En tiempos difíciles por múltiples desarraigos, necesitamos más que nunca la confianza en Él, para vivir con audacia y con espíritu filial, conscientes de los dones que recibimos de su bondad, y superando las inseguridades y los sufrimientos, las tristezas y las enemistades, los remordimientos y los agobios. Todos nosotros, también los que están lejos de la fe, no vivimos en un país de soledades y angustias, de agobiantes responsabilidades y de indiferencias. Vivimos en un país llamado a la unidad y a la confianza, al amor, al canto y a la esperanza; en un país cuya alma está iluminada por el sol de la bondad de Dios. Se lo agradecemos de corazón.
Esa experiencia profunda de Dios, “misericordioso y clemente, tardo a la cólera y rico en amor y fidelidad” (Ex 34,6), hace del amor a Dios y al prójimo, a pesar de todas nuestras inconsecuencias, el sello más hondo a la vez que espiritual de nuestra cultura. Quienes conocen al Señor, quieren amarlo. Y quienes no lo conocen, se acercan a Él al menos cada vez que se encuentran con alguien que vive de manera asombrosa y plena su amor a Dios y a los hermanos.
El segundo es semejante a éste: ‘Amarás a tu prójimo como a ti mismo’(Lev 19,18)
Volvamos al texto del Evangelio proclamado. Grande habrá sido la sorpresa del experto en las Escrituras cuando Cristo le manifestó que el segundo mandamiento era semejante al primero, si bien aquel se refiere a las relaciones con nuestros semejantes, mientras que el primero a nuestro vínculo con Dios. En esta mañana alabamos a Dios precisamente porque su amor tiene esta profunda dimensión social.
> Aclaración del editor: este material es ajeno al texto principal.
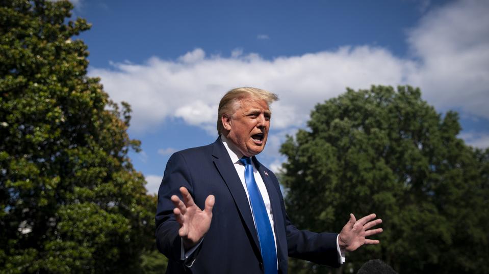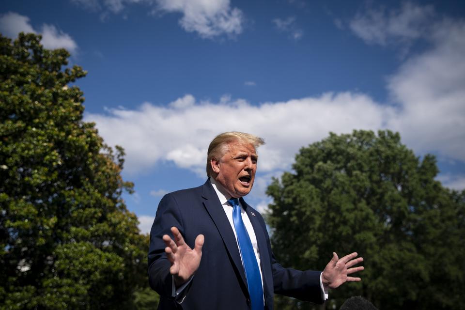 WASHINGTON, DC - JULY 11: President Donald J. Trump speaks to reporters as he departs to visit ... [+]

No podría ser de otra manera, porque el corazón de Dios, por así decirlo, está volcado hacia nosotros. Con todo su ser quiere nuestro bien, y suscita iniciativas entre todos nosotros que persiguen el bien de la sociedad y de cada uno de sus hijos. Pensemos en esos innumerables voluntarios, sobre todo liderados por jóvenes, que recorren nuestro territorio en la Misión País, o levantando techos para Chile, o en otros trabajos solidarios, y exportan estos productos no tradicionales a países hermanos. Pensemos en esa parte importante y vigorosa de nuestra población, más de 300.000 mil chilenos y chilenas, que trabajan en organizaciones sin fines de lucro; y recordemos Fundaciones como el Hogar de Cristo y la Fundación Las Rosas, como la Fundación Fasic, la obra Coaniquem y la gran Teleton, como María Ayuda y como las grandes obras de voluntarias y voluntarios de la catequesis y de la salud.
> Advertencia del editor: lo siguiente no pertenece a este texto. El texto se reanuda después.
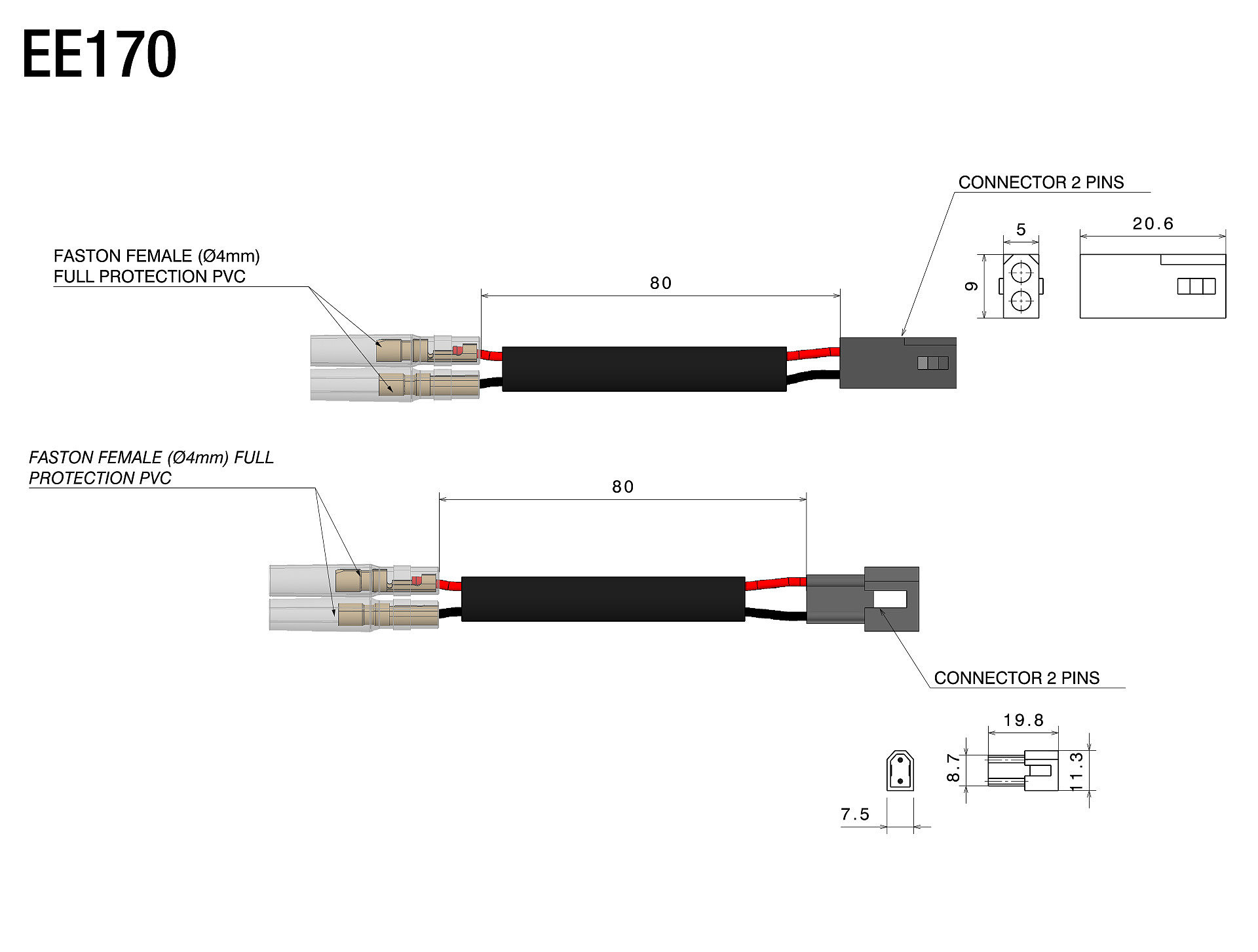 E' consigliato verificare i disegni tecnici prima dell’acquisto. Ogni kit comprende 2 cablaggi. Per montare 4 indicatori di direzione è necessario acquistare 2 kit.

Ellas son el eco a una verdad fundamental que bulle en nuestro interior, aun cuando no sabemos formularla. Si Dios nos creó, lo hizo para que fuéramos felices y para que nos ayudemos mutuamente a encontrar, no sin sacrificio, el camino de la felicidad. Jesús como Buen Pastor, nos da ejemplo de servicio, hasta el punto de entregar su vida por todos nosotros, y vela por un trato justo, cordial y generoso entre los suyos, lejos de toda opresión (ver Is 1,17).
Su compromiso con la humanidad ilumina nuestras relaciones sociales, y compromete profundamente a quienes creen en Él. Esa luz y ese empeño pertenecen a nuestro patrimonio cultural. Baste pensar en la preocupación por los ancianos, por los que sufren condenas y al salir quieren insertarse en la sociedad, y por quienes no tienen donde dormir, pero reciben café y algo de comer de jóvenes católicos y evangélicos.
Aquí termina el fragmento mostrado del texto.